We retrospectively reviewed the prospectively maintained database of the Gamma Knife Unit at the International Ruber Hospital of Madrid and searched for JTPs cases. During an 18-year period, from January 1995 to December 2012, 75 patients were radiosurgically treated for JTPs at our institution. Medical records, imaging studies, and operative reports were reviewed. To allow for an observation time of at least 2 years in these slow-growing tumors, 13 patients treated after 2010 were excluded. Four other patients were lost to follow-up. A final cohort of 58 patients with complete outcome data were analyzed, with a mean follow-up of 86.4 months and a median follow-up of 76.6 months.

Management

Patients were treated with GKRS after all therapeutic options were considered by a multidisciplinary team of neurosurgeons and radiation oncologists. All patients were treated with the Leksell Gamma Knife (Models B, 4C, and PFX; Elekta AB) using existing planning software.

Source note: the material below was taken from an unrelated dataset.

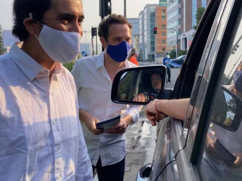 Recién había amanecido en la capital y cientos de vehículos se dirigían a sus lugares de trabajo en el sector oriente de la ciudad. En la esquina de Estoril con Avenida Las Condes, los automovilistas —si andaban de ánimo— podían hacer una pausa en su rutina y hablar con Ignacio Briones y Hernán Larraín (hijo), ambos postulantes en distintos cargos; el primer es precandidato presidencial y, el segundo, busca ser uno de los 155 constituyentes.
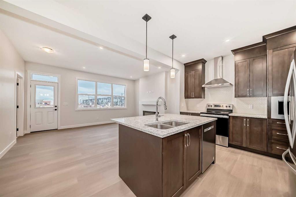$10,000 PRICE REDUCED :: |5-BEDROOMS| 4-FULL BATHROOMS|TWO MASTER BED ROOMS | MAIN FLOOR BED ROOM| FULLY UPGRADED KITCHEN| UPSTAIRS 4 BED ROOMS | UPPER LEVEL BONUS ROOM| BIG LAUANDRY ROOM | QUICK POSSESSION HOME | BASEMNET SEPARATE ENTRANCE| SPICE KITCHEN | FRONT ATTACHED GARAGE| HIGH CEILINGS |OPEN FLOOR PLAN | HIGLY UPGRADED HOUSE | BUILT IN APPLIANCES | MAIN FLOOR FULL BATHROOM| Welcome to a stunning residence waiting to be your next home in the amenity rich community of “HOMESTEAD”. This Genesis built The DELILAH MODEL WITH MODERN CRAFTSMAN elevation has almost $70,000 upgrades. Why book new and pay for all the upgrades, when you can get this 2024 built property that has everything already done for you. Main level features huge LIVING AREAS with Dinning Area along with Big Windows, Closet, Electric Fireplace, & Huge MUDROOM area that could be used as a small business office. Come check the WIDE & OPEN CONCEPT KITCHEN that comes with BUILT-IN APPLIANCES, BUILT IN RANGE, BUILT IN MICROWAIVE, CUSTOM HOOD FAN, UPGRADED COUNTERTOP & STYLISH ISLAND WITH Ceiling Height Extended Kitchen Cabinets creating soothing & cozy impact. The oversized windows on this level get tons of natural light. “SPICE KITCHEN” with sink and celling heights is the main beauty &attraction of the house. The main floor also features ONE BEDROOM and a FULL BATHROOM which can be used as a “Guest Bedroom” or it can offer convenience to the seniors including parents & grandparents. As you move to upstairs, will be greeted to an oversized DOUBLE DOOR primary MASTER BED ROOM and UPGRADED 5-PIECE ENSUITE FEATURING DOUBLE SINK, SIDE CEILING MI RROR, UPGRADED STANDING SHOWER that is EASY TO CLEAN TILE BASE along with huge walk in closet with shelves & big window. Going through hardwood flooring hallway, you will find another FULL WASH Room with water bath tub. ANOTHER MASTER BED ROOM with three huge size windows, upgraded attached bath room and huge walk in closet having bits own door greets you warmly. This level has 2 more BEDROOMS, EACH WITH ITS OWN CLOSET, 2 full bathrooms, LAUNDRY ROOM and an additional storage closet. Tons of upgrades that this property has, which makes this house unique: - upgraded elevation, 9’ ceiling in the basement, large windows, double vanities, Ceiling height cabinets in spice kitchen, upgraded fireplace, kitchen cabinets with riser, hood in the main kitchen, built-in refrigerator etc. The unfinished basement offers a separate entrance with 3 egress sized windows gives endless possibilities for customization of your personal touch. The front garage & driveway allow 4 vehicles to be parked at all times. On top of everything you will have a peace of mind for having Alberta New Home Warranty . This is a highly desirable community that has amenities such as 15 min drive to the YYC International Airport, 10 min drive to Cross Iron Mills shopping center with a potential future LRT station & access from Deerfoot and Stoney Trail.

Stereotactic radiosurgery (SRS) was performed in a single session in all cases. The mean marginal dose was 13.6 Gy (range 11–15 Gy), and the mean maximum dose was 25.2 Gy (range 18–55 Gy). The mean isodose line was 55.3% (range 40%–65%), the mean number of isocenters was 10.8 (range 2–29).

The doses received by critical structures were a maximal dose of 10 Gy to the brainstem and of 11 Gy to the facial nerve. Although we tried to minimize the dose received by cranial nerves (CNs) V and VIII and lower, in some cases they were included in the tumor, and they received the same dose as the tumor itself. All radiosurgical treatments were performed by the same team of neurosurgeons and radiation oncologists.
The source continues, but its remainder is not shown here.